# Goal of the exercise:
The range to reproduce runs from the line containing "This event brought" through the last line of the listing below; give exactly those lines and no others.

# Entries supplied:
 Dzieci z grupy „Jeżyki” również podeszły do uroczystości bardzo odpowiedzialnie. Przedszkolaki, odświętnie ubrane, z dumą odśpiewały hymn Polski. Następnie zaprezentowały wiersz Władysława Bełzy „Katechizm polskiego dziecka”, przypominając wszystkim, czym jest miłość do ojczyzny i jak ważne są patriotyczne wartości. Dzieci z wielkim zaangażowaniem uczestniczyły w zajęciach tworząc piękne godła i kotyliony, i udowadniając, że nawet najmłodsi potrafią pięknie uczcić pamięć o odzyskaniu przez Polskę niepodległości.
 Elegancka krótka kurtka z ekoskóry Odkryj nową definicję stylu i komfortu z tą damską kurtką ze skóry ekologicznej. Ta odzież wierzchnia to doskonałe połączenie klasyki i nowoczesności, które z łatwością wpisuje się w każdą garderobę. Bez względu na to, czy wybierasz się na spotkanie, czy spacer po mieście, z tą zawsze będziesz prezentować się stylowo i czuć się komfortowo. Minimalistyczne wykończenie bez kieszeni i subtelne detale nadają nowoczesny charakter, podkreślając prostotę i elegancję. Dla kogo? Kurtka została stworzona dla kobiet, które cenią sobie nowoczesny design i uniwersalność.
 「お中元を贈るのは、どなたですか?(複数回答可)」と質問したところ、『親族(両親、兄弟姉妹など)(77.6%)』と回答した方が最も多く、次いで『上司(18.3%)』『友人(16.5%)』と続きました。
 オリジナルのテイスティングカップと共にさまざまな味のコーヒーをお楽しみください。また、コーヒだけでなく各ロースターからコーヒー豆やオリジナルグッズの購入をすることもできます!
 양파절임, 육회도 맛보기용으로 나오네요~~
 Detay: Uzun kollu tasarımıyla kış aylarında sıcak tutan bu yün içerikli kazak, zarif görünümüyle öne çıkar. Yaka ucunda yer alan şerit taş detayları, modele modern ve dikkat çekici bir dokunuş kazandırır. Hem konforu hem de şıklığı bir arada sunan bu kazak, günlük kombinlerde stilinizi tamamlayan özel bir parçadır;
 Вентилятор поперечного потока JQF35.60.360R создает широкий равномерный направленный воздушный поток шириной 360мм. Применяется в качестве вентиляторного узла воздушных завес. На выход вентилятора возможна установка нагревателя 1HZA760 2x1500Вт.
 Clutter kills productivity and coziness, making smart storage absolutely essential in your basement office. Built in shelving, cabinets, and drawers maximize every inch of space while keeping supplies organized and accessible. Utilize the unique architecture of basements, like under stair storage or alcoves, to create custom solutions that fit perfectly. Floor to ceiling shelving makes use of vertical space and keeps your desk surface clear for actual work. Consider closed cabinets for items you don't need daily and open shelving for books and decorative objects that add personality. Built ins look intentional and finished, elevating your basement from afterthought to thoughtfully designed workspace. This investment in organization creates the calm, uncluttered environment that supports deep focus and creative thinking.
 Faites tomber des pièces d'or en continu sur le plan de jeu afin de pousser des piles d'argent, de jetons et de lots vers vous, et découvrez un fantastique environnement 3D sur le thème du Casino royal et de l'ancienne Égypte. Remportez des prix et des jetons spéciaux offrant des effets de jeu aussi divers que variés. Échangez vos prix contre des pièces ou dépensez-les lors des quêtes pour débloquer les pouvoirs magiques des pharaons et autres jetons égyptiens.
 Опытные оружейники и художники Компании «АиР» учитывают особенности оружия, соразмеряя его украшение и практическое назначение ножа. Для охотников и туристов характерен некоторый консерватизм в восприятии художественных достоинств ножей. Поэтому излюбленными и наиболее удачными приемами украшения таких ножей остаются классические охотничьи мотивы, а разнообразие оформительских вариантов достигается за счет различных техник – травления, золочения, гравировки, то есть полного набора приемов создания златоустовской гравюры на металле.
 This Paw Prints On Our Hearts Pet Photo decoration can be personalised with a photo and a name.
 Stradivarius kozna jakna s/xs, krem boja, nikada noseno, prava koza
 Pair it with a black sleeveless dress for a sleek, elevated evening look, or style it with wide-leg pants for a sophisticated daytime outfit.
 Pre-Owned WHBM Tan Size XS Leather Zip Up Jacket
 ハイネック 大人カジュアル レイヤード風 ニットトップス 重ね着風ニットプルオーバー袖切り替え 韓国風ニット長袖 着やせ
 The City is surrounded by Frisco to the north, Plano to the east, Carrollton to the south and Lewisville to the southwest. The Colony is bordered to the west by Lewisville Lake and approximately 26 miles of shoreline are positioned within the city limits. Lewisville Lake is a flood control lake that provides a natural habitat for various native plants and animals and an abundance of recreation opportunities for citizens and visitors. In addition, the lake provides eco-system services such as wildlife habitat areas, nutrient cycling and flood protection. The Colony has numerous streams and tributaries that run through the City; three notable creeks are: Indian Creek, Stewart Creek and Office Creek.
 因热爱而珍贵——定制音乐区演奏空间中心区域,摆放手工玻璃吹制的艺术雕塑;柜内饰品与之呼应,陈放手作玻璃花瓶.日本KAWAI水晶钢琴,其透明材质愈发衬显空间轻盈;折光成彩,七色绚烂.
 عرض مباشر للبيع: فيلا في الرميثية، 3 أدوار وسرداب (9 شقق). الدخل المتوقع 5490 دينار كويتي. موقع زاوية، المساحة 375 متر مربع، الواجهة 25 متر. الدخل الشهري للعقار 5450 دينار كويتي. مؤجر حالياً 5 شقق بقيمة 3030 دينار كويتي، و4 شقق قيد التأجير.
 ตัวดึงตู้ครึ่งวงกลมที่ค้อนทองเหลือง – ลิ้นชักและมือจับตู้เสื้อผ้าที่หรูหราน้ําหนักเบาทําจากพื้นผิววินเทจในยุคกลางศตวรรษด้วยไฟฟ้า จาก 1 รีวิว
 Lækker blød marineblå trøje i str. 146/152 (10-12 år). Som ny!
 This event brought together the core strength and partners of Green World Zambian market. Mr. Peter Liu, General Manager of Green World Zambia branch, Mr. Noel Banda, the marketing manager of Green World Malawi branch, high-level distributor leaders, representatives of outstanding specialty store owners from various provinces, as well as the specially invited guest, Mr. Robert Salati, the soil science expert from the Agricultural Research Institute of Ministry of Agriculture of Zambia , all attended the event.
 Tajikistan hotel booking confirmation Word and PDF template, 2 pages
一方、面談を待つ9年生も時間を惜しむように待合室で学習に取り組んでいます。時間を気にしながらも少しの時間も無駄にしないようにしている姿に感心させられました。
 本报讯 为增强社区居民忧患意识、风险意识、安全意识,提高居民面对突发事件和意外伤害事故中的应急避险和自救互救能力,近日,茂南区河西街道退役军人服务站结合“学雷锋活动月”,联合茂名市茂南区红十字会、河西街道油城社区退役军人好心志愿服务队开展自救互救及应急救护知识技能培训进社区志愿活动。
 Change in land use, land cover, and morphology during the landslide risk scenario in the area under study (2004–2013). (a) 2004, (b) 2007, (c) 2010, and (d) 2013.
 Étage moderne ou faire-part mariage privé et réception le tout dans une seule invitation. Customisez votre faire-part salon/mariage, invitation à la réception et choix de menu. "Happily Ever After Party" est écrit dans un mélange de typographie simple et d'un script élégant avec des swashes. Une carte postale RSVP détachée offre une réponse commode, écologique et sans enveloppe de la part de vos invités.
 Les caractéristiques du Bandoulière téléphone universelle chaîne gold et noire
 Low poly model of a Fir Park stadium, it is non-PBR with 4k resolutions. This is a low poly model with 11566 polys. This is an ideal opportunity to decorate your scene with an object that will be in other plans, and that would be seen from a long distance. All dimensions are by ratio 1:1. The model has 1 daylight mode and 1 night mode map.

# Solution for this exercise:
 This event brought together the core strength and partners of Green World Zambian market. Mr. Peter Liu, General Manager of Green World Zambia branch, Mr. Noel Banda, the marketing manager of Green World Malawi branch, high-level distributor leaders, representatives of outstanding specialty store owners from various provinces, as well as the specially invited guest, Mr. Robert Salati, the soil science expert from the Agricultural Research Institute of Ministry of Agriculture of Zambia , all attended the event.
 Tajikistan hotel booking confirmation Word and PDF template, 2 pages
一方、面談を待つ9年生も時間を惜しむように待合室で学習に取り組んでいます。時間を気にしながらも少しの時間も無駄にしないようにしている姿に感心させられました。
 本报讯 为增强社区居民忧患意识、风险意识、安全意识,提高居民面对突发事件和意外伤害事故中的应急避险和自救互救能力,近日,茂南区河西街道退役军人服务站结合“学雷锋活动月”,联合茂名市茂南区红十字会、河西街道油城社区退役军人好心志愿服务队开展自救互救及应急救护知识技能培训进社区志愿活动。
 Change in land use, land cover, and morphology during the landslide risk scenario in the area under study (2004–2013). (a) 2004, (b) 2007, (c) 2010, and (d) 2013.
 Étage moderne ou faire-part mariage privé et réception le tout dans une seule invitation. Customisez votre faire-part salon/mariage, invitation à la réception et choix de menu. "Happily Ever After Party" est écrit dans un mélange de typographie simple et d'un script élégant avec des swashes. Une carte postale RSVP détachée offre une réponse commode, écologique et sans enveloppe de la part de vos invités.
 Les caractéristiques du Bandoulière téléphone universelle chaîne gold et noire
 Low poly model of a Fir Park stadium, it is non-PBR with 4k resolutions. This is a low poly model with 11566 polys. This is an ideal opportunity to decorate your scene with an object that will be in other plans, and that would be seen from a long distance. All dimensions are by ratio 1:1. The model has 1 daylight mode and 1 night mode map.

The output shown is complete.